A new book by the organisation entitled How to Regulate Stimulants sets out a plan for the state to get involved in selling class A drugs over the counter using specially-trained chemists.
The former prime minister of New Zealand Helen Clark backed the organisation’s ideas in a foreword for the book. “As consensus grows that the war on drugs has failed, so does the need for a frank exploration of the alternatives,” Ms Clark stated.
“Regulation can facilitate the dramatic improvement of the health and wellbeing of people who use drugs and of the wider community. It is essential that we begin a serious discussion on how we regulate stimulants.”
Transform has proposed that a specialist regulatory agency could license the safe production of drugs such as cocaine, ecstasy and amphetamines – as well as determining their price at special government pharmacies.
The sale of such substances would be limited to people over the age 18, with only one dose allowed per purchase. All packaging would feature highly visible health warnings and information on risk information, and there would be a ban on any advertising of the drugs.
The book states that by giving the government a monopoly on sales, “there is less business incentive to prioritise profit maximisation, meaning that pricing policy can focus on the interests of public health”.
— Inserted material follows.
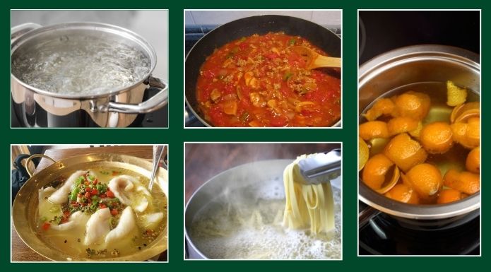Most of us know what it means to boil a food. We do it with dried pasta when we bring water to a rolling boil and put in the pasta. Even if we reduce the heat of the burner to stop the pot from boiling over, we are still boiling the pasta. But, what does it mean to simmer, or to poach?

Dr James Nicholls, chief executive at Transform, said the group wanted to offer government some “concrete” alternatives to criminalisation.
“The so-called war on drugs has failed. Our proposals would take drug supply away from organised crime groups, creating a system that reduces harm rather than increasing it. The status quo can’t continue,” Dr Nicholls said.
A spokesperson for the Home Office said there were no plans to reconsider the classification or legalisation of drugs such as cocaine, ecstasy and amphetamines.